[DATA SECTION]
◆ ◆ ◆
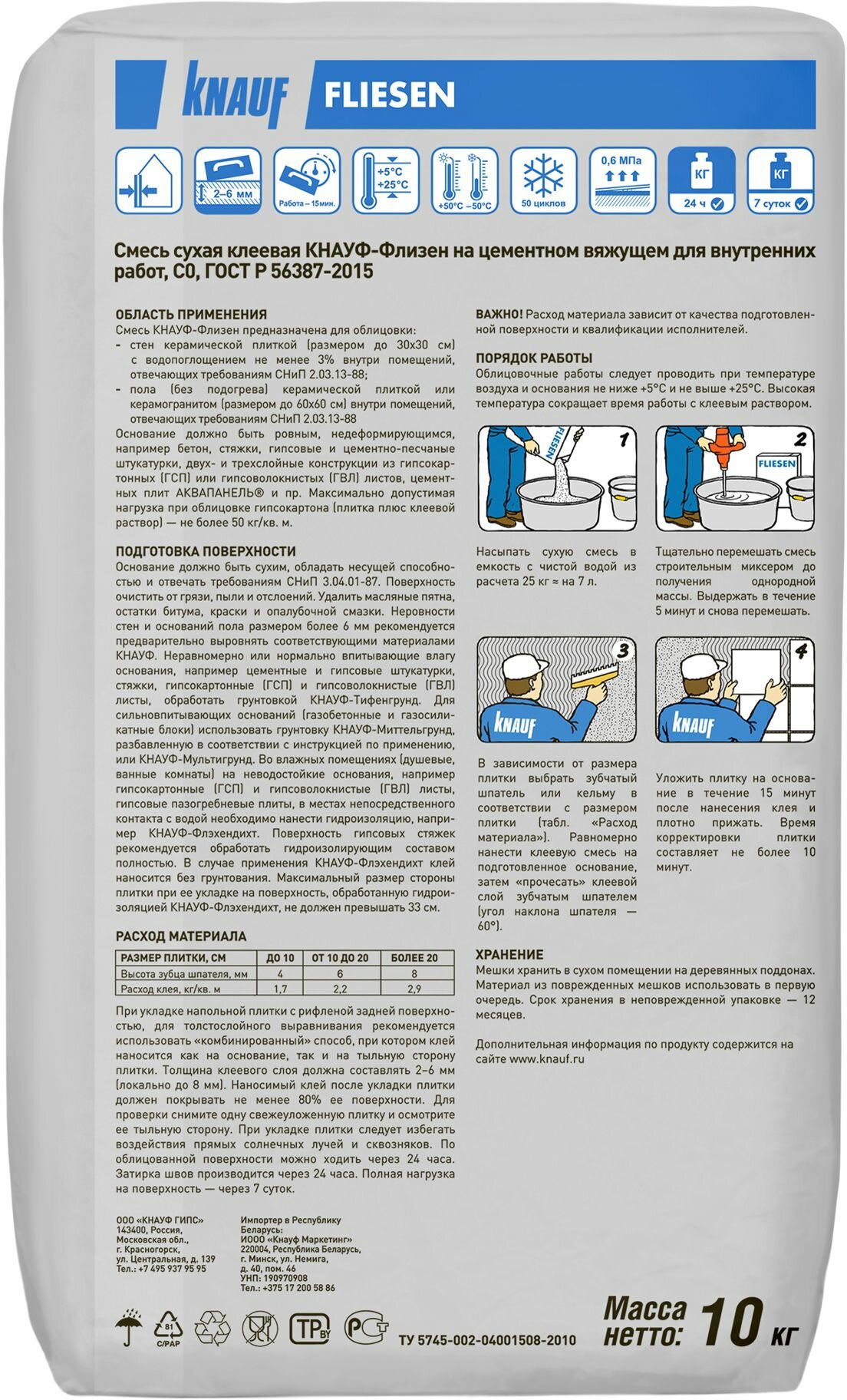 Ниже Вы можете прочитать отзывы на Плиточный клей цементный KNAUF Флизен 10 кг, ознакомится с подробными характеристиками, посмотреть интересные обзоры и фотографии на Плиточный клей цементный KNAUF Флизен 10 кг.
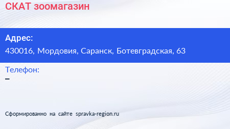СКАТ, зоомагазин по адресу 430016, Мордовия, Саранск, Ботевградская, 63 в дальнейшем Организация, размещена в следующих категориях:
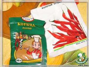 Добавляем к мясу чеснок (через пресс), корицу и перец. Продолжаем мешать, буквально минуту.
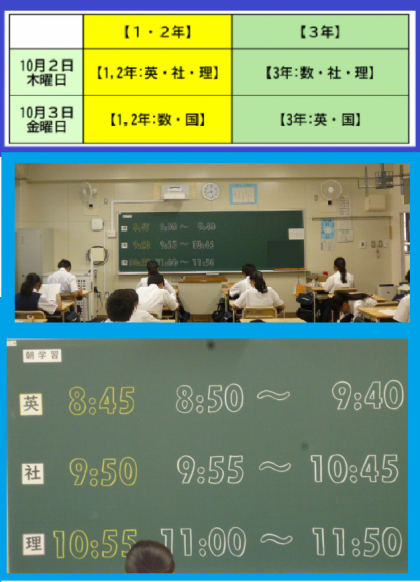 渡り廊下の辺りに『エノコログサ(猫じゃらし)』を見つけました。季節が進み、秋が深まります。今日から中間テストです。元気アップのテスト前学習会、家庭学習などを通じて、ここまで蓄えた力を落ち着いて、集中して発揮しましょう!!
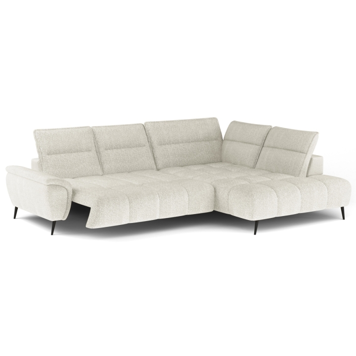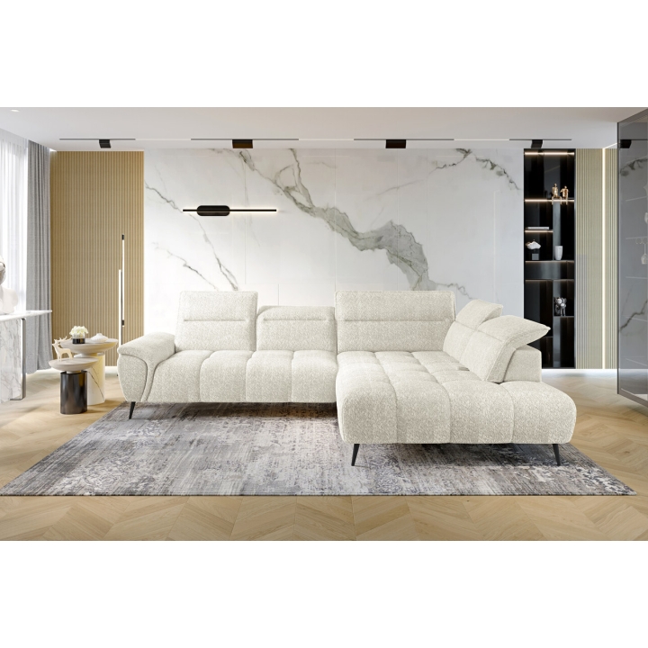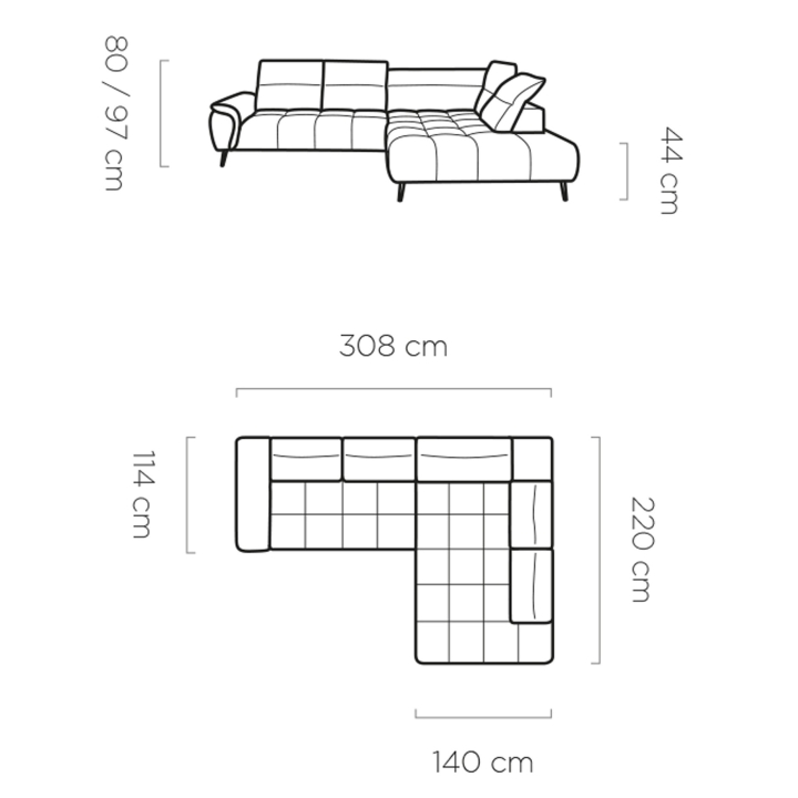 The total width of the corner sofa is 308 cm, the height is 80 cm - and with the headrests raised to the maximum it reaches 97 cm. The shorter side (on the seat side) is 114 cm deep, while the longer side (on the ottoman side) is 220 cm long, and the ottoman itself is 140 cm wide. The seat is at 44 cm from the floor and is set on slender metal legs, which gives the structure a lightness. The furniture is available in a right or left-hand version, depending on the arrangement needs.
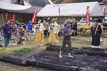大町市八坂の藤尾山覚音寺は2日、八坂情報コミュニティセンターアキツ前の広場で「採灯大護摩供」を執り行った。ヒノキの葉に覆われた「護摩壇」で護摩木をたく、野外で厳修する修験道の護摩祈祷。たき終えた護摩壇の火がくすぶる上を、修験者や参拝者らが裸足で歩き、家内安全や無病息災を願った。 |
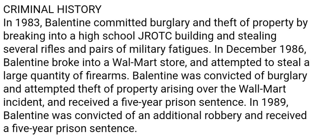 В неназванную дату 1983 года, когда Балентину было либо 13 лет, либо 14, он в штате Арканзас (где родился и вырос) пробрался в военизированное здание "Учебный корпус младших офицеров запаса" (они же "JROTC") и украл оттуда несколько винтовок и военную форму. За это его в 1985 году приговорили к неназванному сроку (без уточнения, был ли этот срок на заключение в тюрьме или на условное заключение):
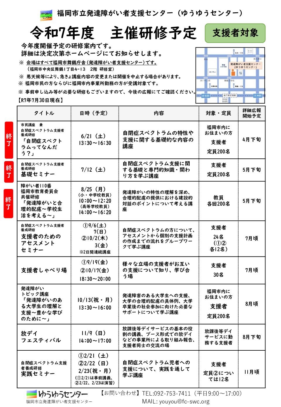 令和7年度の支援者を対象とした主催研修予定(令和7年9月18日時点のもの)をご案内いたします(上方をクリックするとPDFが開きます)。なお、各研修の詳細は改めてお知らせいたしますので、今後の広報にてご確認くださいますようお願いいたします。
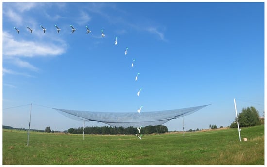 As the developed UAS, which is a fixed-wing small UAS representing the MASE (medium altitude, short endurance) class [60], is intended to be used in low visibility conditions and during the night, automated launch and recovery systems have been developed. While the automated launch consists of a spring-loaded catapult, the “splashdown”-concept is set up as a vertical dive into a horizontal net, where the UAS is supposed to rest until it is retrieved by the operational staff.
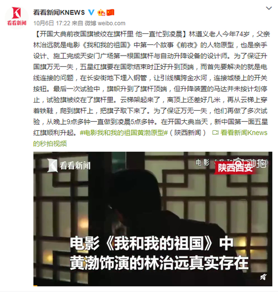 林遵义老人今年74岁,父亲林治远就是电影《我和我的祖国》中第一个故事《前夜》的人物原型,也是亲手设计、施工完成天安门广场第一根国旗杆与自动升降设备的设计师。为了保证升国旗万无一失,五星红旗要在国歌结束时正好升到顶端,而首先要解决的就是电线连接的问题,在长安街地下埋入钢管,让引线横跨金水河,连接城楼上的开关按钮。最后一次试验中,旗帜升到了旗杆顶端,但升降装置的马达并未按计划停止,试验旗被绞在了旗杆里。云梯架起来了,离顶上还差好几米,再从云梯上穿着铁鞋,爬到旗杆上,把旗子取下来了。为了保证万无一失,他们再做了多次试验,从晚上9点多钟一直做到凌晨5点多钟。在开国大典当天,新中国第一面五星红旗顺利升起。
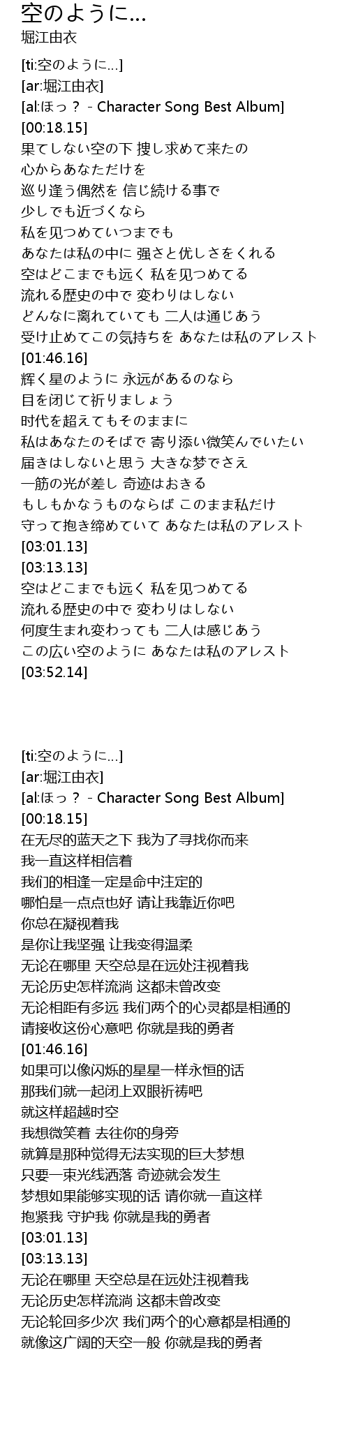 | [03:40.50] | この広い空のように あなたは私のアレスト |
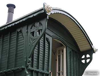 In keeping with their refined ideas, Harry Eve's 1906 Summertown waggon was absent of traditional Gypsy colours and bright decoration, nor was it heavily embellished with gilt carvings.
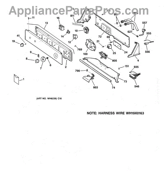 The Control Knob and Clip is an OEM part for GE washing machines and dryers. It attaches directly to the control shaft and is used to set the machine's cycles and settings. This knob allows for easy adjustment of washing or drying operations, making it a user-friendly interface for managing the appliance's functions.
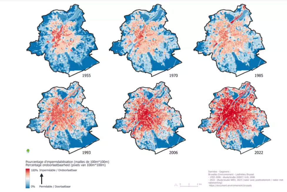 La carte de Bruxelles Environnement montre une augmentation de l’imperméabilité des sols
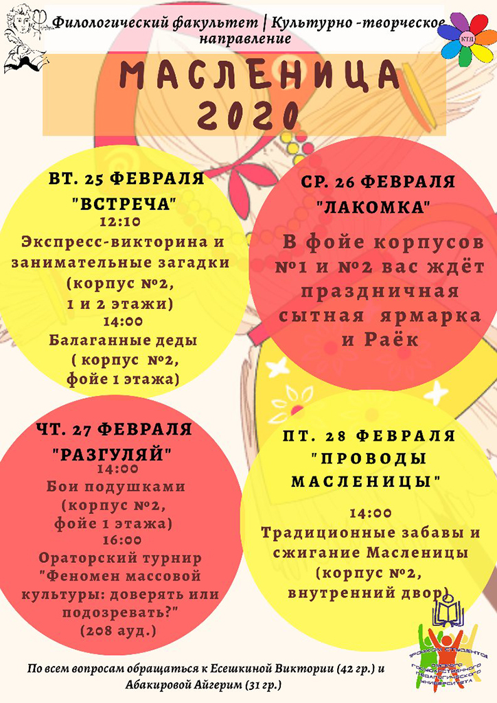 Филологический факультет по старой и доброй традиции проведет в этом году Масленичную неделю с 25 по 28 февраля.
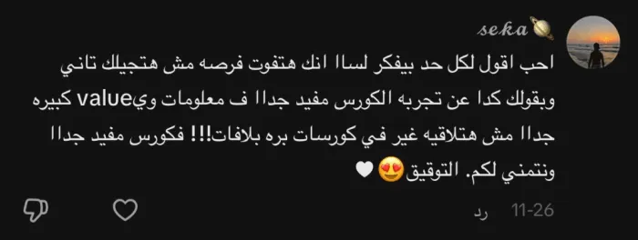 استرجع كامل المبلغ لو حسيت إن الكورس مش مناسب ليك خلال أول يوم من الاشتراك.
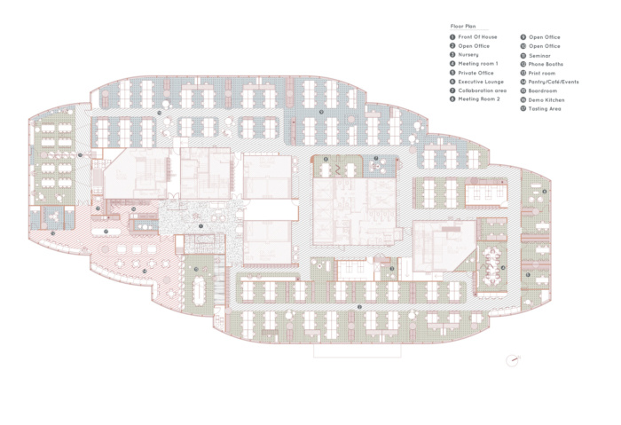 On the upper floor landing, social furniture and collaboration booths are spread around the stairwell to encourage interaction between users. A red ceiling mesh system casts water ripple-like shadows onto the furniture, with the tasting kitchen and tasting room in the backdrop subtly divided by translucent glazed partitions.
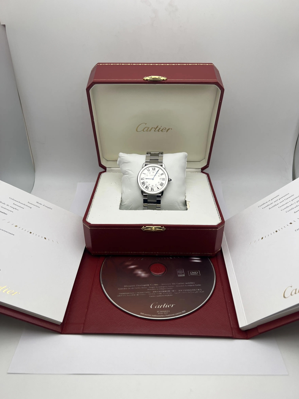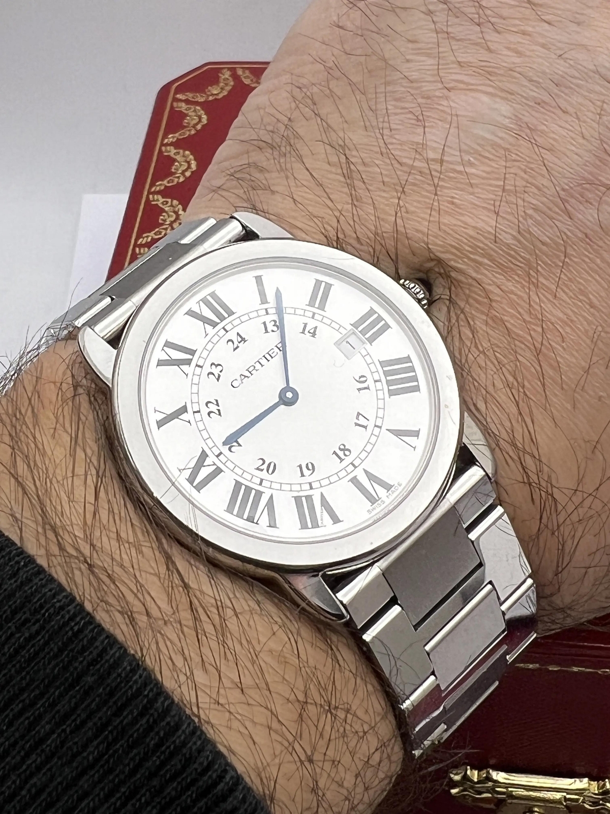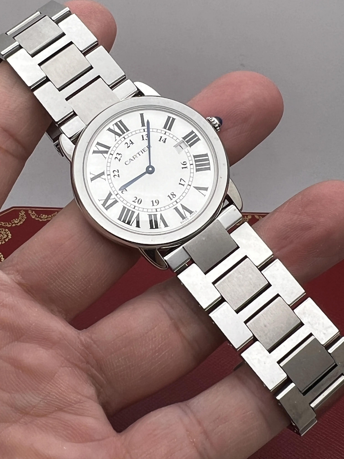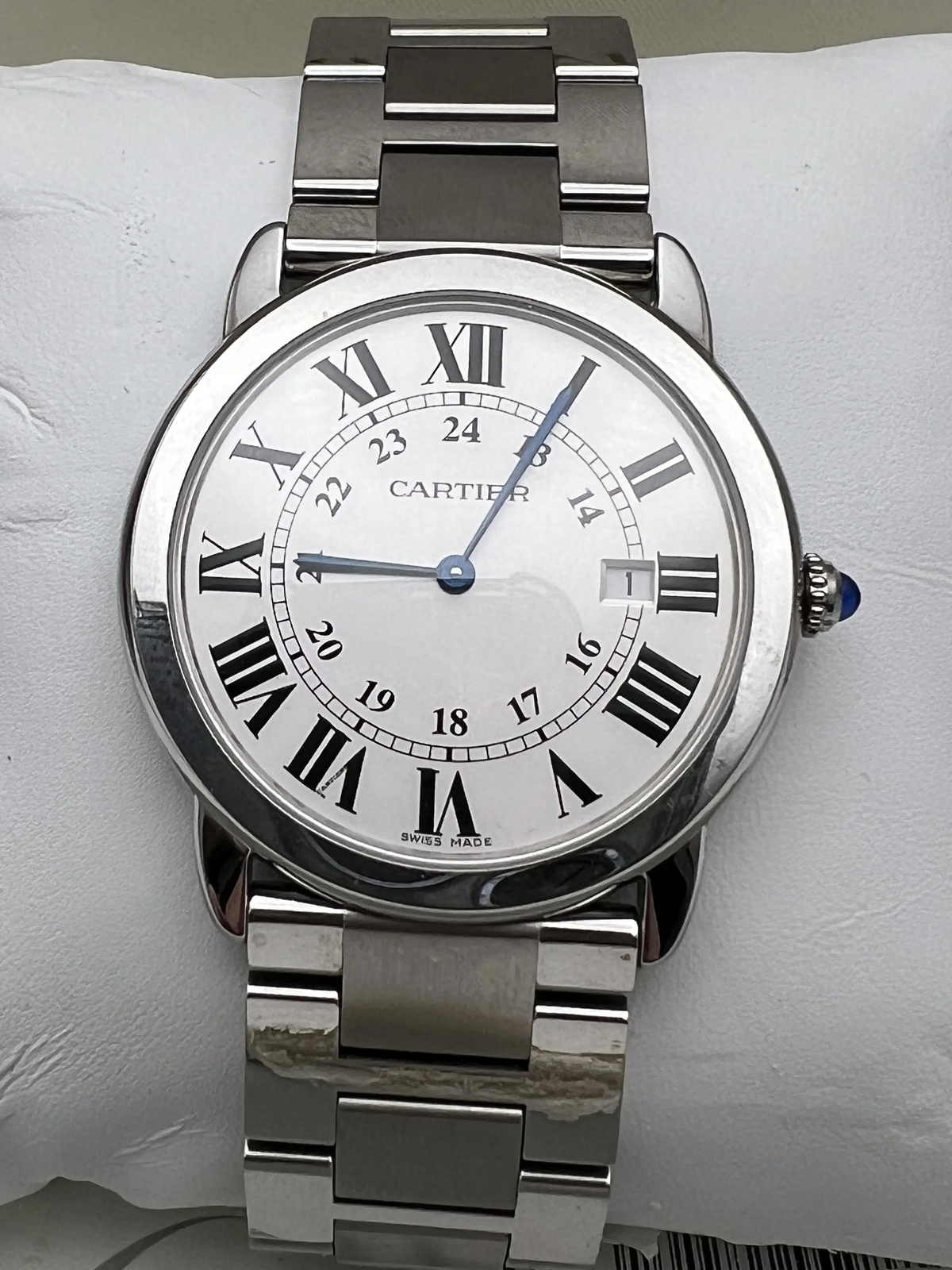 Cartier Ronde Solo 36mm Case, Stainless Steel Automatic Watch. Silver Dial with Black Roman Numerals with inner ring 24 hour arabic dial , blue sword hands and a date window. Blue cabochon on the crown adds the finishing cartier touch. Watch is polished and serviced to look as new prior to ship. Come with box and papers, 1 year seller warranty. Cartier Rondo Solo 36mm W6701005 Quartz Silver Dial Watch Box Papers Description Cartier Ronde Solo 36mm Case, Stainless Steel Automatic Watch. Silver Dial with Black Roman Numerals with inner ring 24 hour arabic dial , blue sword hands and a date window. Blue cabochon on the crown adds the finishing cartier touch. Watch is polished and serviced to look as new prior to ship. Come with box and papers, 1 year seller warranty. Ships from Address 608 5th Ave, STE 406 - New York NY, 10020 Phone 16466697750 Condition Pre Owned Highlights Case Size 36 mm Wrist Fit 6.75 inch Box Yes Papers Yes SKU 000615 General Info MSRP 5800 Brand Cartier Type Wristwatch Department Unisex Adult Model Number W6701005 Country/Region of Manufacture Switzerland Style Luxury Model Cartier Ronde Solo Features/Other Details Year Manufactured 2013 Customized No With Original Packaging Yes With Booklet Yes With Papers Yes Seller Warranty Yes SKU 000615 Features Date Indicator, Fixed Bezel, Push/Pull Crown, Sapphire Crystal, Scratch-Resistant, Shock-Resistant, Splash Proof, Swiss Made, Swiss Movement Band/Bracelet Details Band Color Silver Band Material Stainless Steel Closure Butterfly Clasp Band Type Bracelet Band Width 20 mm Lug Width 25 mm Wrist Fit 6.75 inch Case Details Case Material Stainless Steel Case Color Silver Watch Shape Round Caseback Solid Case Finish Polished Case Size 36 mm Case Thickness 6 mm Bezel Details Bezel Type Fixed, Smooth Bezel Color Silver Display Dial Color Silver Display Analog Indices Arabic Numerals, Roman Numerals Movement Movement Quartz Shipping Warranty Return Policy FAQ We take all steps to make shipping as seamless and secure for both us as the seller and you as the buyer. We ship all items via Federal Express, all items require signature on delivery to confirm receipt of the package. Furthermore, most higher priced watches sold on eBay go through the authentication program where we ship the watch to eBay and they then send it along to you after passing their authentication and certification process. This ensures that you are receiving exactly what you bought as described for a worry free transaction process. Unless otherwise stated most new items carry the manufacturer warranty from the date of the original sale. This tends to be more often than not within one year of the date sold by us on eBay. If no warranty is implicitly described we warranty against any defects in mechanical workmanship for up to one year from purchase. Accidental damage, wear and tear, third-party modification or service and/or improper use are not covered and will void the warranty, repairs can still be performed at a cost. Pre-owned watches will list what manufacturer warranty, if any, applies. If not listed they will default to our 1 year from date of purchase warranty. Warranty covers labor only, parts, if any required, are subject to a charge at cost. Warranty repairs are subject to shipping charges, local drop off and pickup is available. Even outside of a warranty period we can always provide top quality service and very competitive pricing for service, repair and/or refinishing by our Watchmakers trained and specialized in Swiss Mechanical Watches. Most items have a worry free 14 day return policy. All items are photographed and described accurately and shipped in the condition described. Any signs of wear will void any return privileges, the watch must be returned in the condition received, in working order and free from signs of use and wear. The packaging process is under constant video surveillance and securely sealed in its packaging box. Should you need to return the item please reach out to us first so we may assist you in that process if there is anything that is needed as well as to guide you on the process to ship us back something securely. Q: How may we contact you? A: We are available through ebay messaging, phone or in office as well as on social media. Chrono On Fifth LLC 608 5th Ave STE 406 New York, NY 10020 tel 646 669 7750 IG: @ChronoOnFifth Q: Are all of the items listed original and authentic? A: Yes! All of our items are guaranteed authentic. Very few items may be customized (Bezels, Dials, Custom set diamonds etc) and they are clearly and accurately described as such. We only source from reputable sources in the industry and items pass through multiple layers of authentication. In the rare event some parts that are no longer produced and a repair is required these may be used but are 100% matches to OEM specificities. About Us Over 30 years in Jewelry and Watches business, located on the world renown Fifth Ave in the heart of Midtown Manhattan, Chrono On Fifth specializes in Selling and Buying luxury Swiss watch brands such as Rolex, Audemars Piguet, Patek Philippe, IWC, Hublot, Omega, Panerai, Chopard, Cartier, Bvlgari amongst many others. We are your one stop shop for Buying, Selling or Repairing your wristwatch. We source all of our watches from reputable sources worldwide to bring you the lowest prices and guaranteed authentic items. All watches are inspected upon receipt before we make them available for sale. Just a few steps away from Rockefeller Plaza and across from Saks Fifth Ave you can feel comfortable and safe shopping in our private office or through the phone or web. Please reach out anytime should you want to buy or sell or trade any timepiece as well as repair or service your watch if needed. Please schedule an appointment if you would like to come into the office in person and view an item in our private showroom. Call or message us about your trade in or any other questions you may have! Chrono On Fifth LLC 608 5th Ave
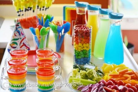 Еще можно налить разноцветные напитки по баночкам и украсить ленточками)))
◆ ◆ ◆
[ASSIGNMENT] Exactly the lines above, from the one containing "Филологический факультет по" down to the one containing "On the upper", are to be repeated, including both ends. Pictures are not part of the copy.

[OUTPUT]
 Филологический факультет по старой и доброй традиции проведет в этом году Масленичную неделю с 25 по 28 февраля.
 استرجع كامل المبلغ لو حسيت إن الكورس مش مناسب ليك خلال أول يوم من الاشتراك.
 On the upper floor landing, social furniture and collaboration booths are spread around the stairwell to encourage interaction between users. A red ceiling mesh system casts water ripple-like shadows onto the furniture, with the tasting kitchen and tasting room in the backdrop subtly divided by translucent glazed partitions.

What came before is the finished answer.